WHAT TO WORK ON:
Reproduce the whole listing exactly and let no picture into the copy.

DATASET EXTRACT:
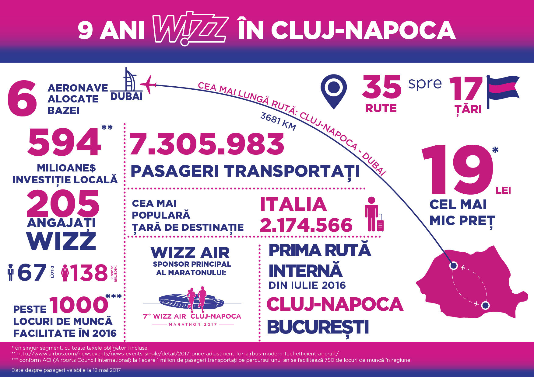 În calitate de linie aeriană principală a oraşului, Wizz Air şi-a câştigat încrederea şi loialitatea a peste 7,3 milioane de pasageri de la începutul operaţiunilor sale pe Aeroportul Internaţional Avram Iancu. Anul trecut, mai mult de 1,3 milioane de pasageri s-au bucurat de preţurile scăzute WIZZ, de sistemul de rezervare facil, precum şi de serviciile excelente la bord din şi spre Cluj-Napoca. Compania susţine peste 1.000 de locuri de muncă**** locale în industriile de aviaţie şi de turism.
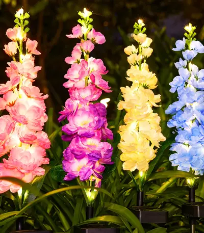 Solar Garden Lights, Upgrade Delphinium Waterproof Solar Flower Lights, For Party Garden Decoration Yard Patio Lawn Decor
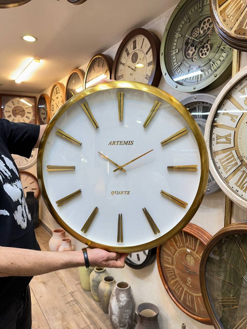 ساعت دیواری مدرن از برند Artemis با بدنه‌ی فلزی رنگ طلایی براق و صفحه‌ی سفید مینیمال، قطر ۶۰ سانتی‌متر، مجهز به موتور تایوانی بی‌صدا و دقیق، و دارای ۳ سال گارانتی شرکتی آرتمیس. ترکیب رنگ سفید و طلایی در این مدل، جلوه‌ای لوکس و ساده پسند برای فضاهای مدرن و کلاسیک ایجاد کرده است.
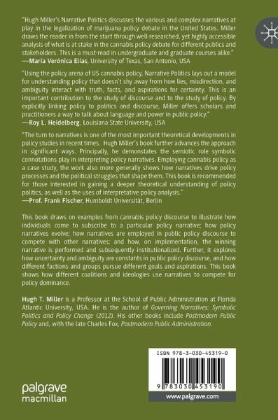 This book draws on examples from cannabis policy discourse and elsewhere to illustrate how individuals come to subscribe to a particular policy narrative; how policy narratives evolve; how narratives are employed in public policy discourse to compete with other narratives; and how, on implementation, the winning narrative is performed and subsequently institutionalized. Further, it explores how uncertainty and ambiguity are constants in public policy discourse, and how different factions and groups pursue different goals and aspirations. In the current climate of political reality, disputable facts and contestable goals, this book shows how different coalitions and ideologies use narratives to compete for policy dominance.
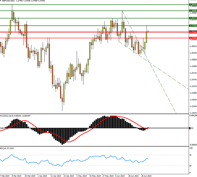 下方支持在1.2738、1.2706水平,只要不跌破1.2706水平,楔形反转形态将有望延续。
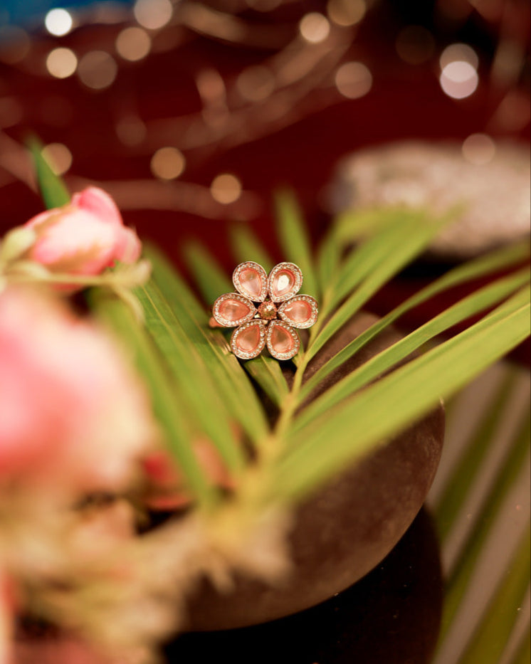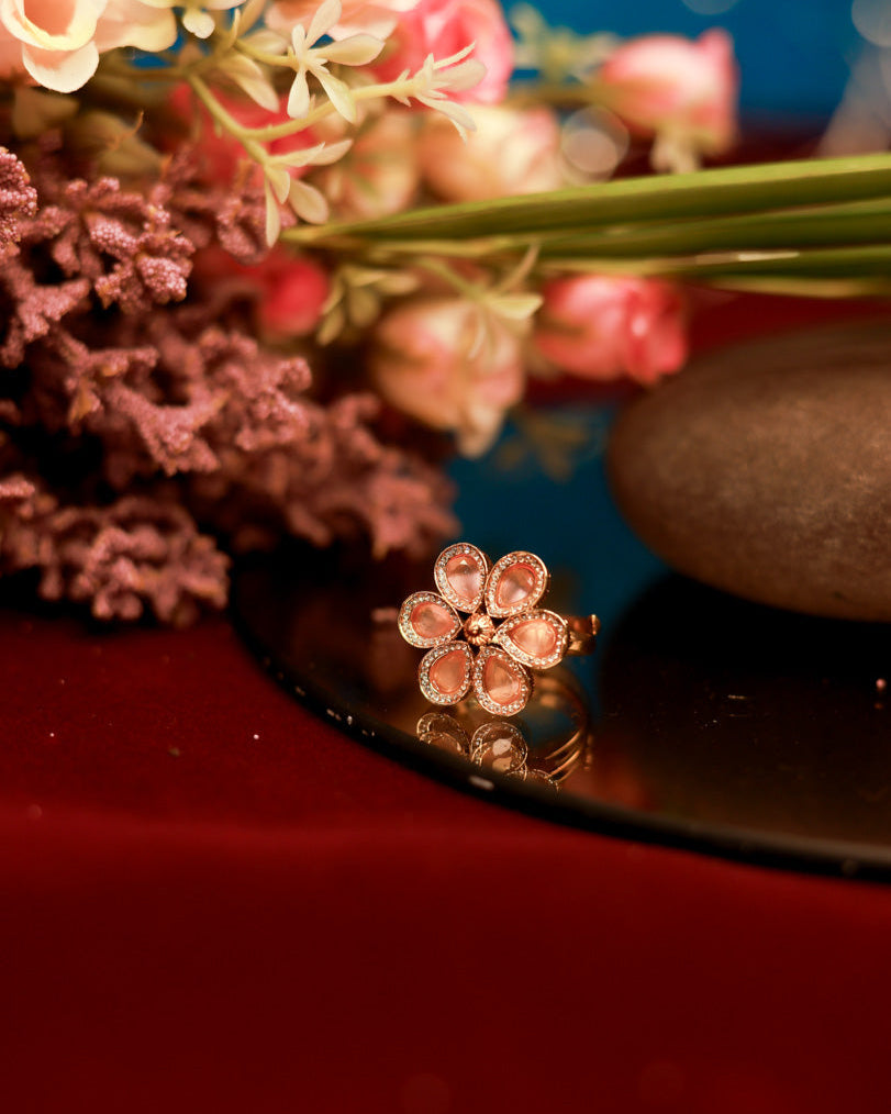 Suwarnikaa's Jade Petal Ring Gold Plated with stones Brass Finger Ring
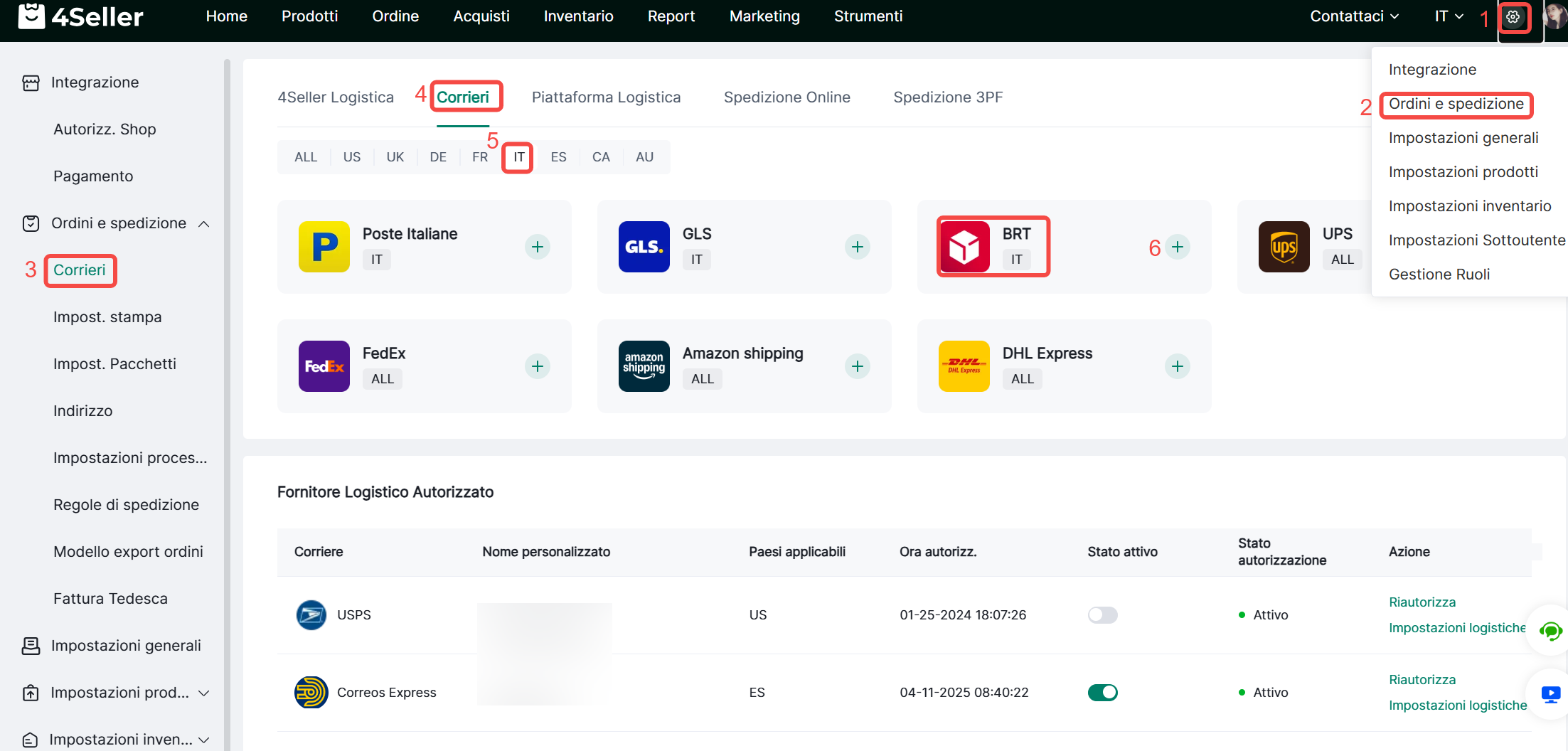 1、Clicca Impostazioni-Ordini & Spedizioni-Corrieri di Spedizione- Corrieri - Corrieri-Trova l'icona corrispondente-Clicca ‘+’.
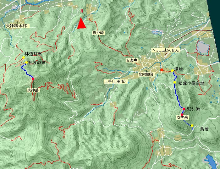 別所温泉無料P発 9:20 〜 松茸小屋 9:39 〜 女神岳山頂 10:45 (小休)
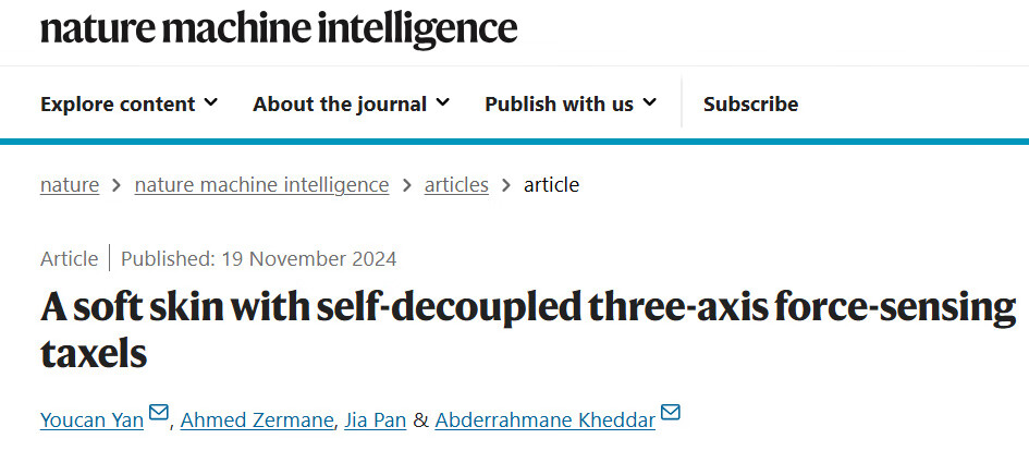 1.Yan, Y., Zermane, A., Pan, J. et al. A soft skin with self-decoupled three-axis force-sensing taxels. Nature Machine Intelligence 6, 1284–1295 (2024).

ANSWER BELOW:
 În calitate de linie aeriană principală a oraşului, Wizz Air şi-a câştigat încrederea şi loialitatea a peste 7,3 milioane de pasageri de la începutul operaţiunilor sale pe Aeroportul Internaţional Avram Iancu. Anul trecut, mai mult de 1,3 milioane de pasageri s-au bucurat de preţurile scăzute WIZZ, de sistemul de rezervare facil, precum şi de serviciile excelente la bord din şi spre Cluj-Napoca. Compania susţine peste 1.000 de locuri de muncă**** locale în industriile de aviaţie şi de turism.
 Solar Garden Lights, Upgrade Delphinium Waterproof Solar Flower Lights, For Party Garden Decoration Yard Patio Lawn Decor
 ساعت دیواری مدرن از برند Artemis با بدنه‌ی فلزی رنگ طلایی براق و صفحه‌ی سفید مینیمال، قطر ۶۰ سانتی‌متر، مجهز به موتور تایوانی بی‌صدا و دقیق، و دارای ۳ سال گارانتی شرکتی آرتمیس. ترکیب رنگ سفید و طلایی در این مدل، جلوه‌ای لوکس و ساده پسند برای فضاهای مدرن و کلاسیک ایجاد کرده است.
 This book draws on examples from cannabis policy discourse and elsewhere to illustrate how individuals come to subscribe to a particular policy narrative; how policy narratives evolve; how narratives are employed in public policy discourse to compete with other narratives; and how, on implementation, the winning narrative is performed and subsequently institutionalized. Further, it explores how uncertainty and ambiguity are constants in public policy discourse, and how different factions and groups pursue different goals and aspirations. In the current climate of political reality, disputable facts and contestable goals, this book shows how different coalitions and ideologies use narratives to compete for policy dominance.
 下方支持在1.2738、1.2706水平,只要不跌破1.2706水平,楔形反转形态将有望延续。
 Suwarnikaa's Jade Petal Ring Gold Plated with stones Brass Finger Ring
 1、Clicca Impostazioni-Ordini & Spedizioni-Corrieri di Spedizione- Corrieri - Corrieri-Trova l'icona corrispondente-Clicca ‘+’.
 別所温泉無料P発 9:20 〜 松茸小屋 9:39 〜 女神岳山頂 10:45 (小休)
 1.Yan, Y., Zermane, A., Pan, J. et al. A soft skin with self-decoupled three-axis force-sensing taxels. Nature Machine Intelligence 6, 1284–1295 (2024).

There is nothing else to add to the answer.